Exercise aim –
From the line containing "Motiv 18 Esel an der Krippe" to the last line of the data below, copy everything exactly and nothing else; pictures stay out.
↓
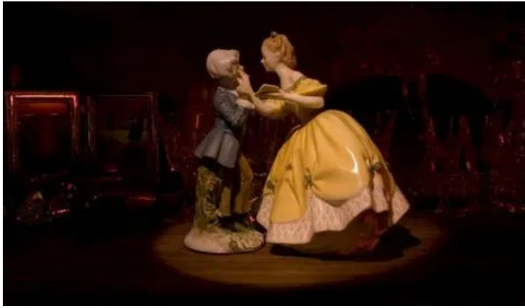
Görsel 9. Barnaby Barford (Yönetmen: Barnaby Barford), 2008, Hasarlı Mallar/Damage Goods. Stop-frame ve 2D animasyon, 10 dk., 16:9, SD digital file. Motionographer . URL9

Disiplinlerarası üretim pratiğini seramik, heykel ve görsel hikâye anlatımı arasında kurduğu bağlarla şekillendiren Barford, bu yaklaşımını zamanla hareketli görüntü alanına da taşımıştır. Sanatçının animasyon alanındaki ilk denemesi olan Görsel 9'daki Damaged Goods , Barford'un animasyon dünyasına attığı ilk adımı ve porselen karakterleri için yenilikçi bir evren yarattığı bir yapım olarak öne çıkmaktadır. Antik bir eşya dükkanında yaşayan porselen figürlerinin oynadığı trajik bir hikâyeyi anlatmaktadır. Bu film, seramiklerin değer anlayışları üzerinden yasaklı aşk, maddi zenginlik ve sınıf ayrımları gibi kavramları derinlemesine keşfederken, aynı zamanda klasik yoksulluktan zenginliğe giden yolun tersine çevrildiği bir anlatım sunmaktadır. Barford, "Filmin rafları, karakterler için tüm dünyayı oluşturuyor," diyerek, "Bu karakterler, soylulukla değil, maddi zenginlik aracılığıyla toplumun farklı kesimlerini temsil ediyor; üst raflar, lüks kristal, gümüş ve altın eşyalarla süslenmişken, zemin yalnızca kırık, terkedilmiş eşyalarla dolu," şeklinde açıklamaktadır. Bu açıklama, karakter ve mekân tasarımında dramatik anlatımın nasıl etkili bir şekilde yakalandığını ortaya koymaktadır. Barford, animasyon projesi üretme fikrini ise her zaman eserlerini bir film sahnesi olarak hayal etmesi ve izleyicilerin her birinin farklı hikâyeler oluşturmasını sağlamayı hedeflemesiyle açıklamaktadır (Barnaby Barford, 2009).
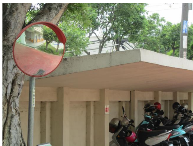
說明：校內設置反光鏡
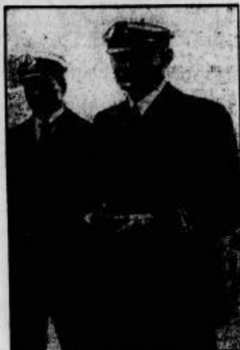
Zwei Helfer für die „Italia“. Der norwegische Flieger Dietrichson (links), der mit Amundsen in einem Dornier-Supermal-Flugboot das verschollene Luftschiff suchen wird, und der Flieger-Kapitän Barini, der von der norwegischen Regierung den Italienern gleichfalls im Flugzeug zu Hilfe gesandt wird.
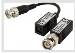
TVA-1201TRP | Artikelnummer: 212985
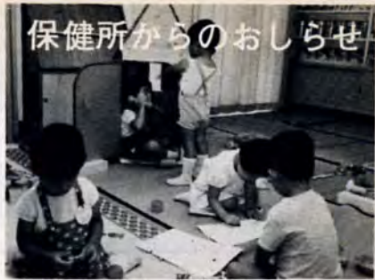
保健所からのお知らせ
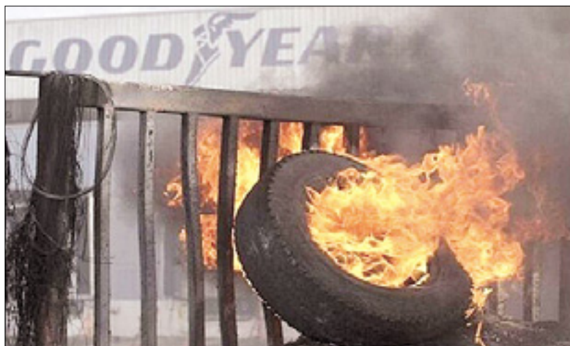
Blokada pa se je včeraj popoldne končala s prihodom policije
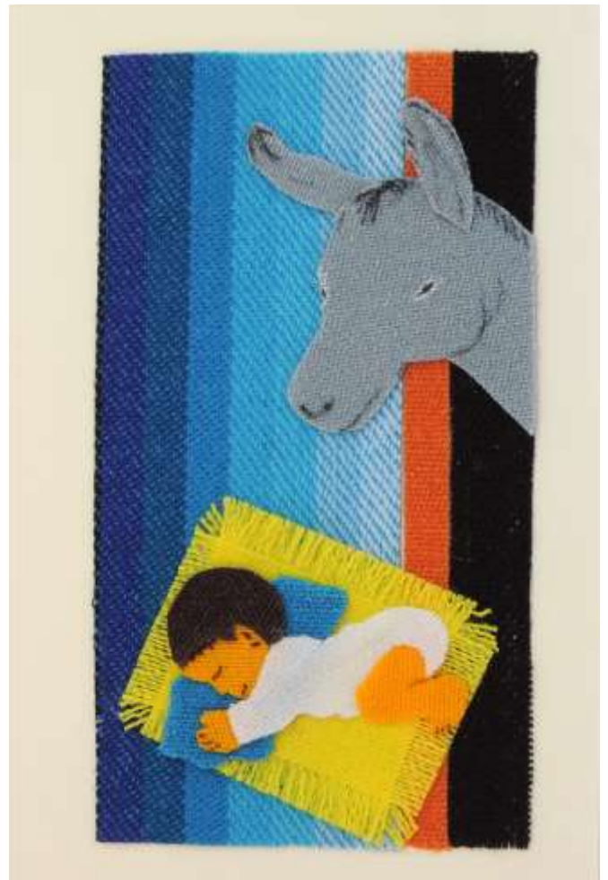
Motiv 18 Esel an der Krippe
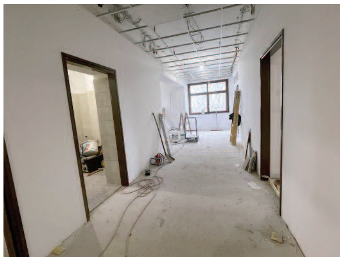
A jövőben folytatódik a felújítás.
↑
Exercise solution –
Motiv 18 Esel an der Krippe
A jövőben folytatódik a felújítás.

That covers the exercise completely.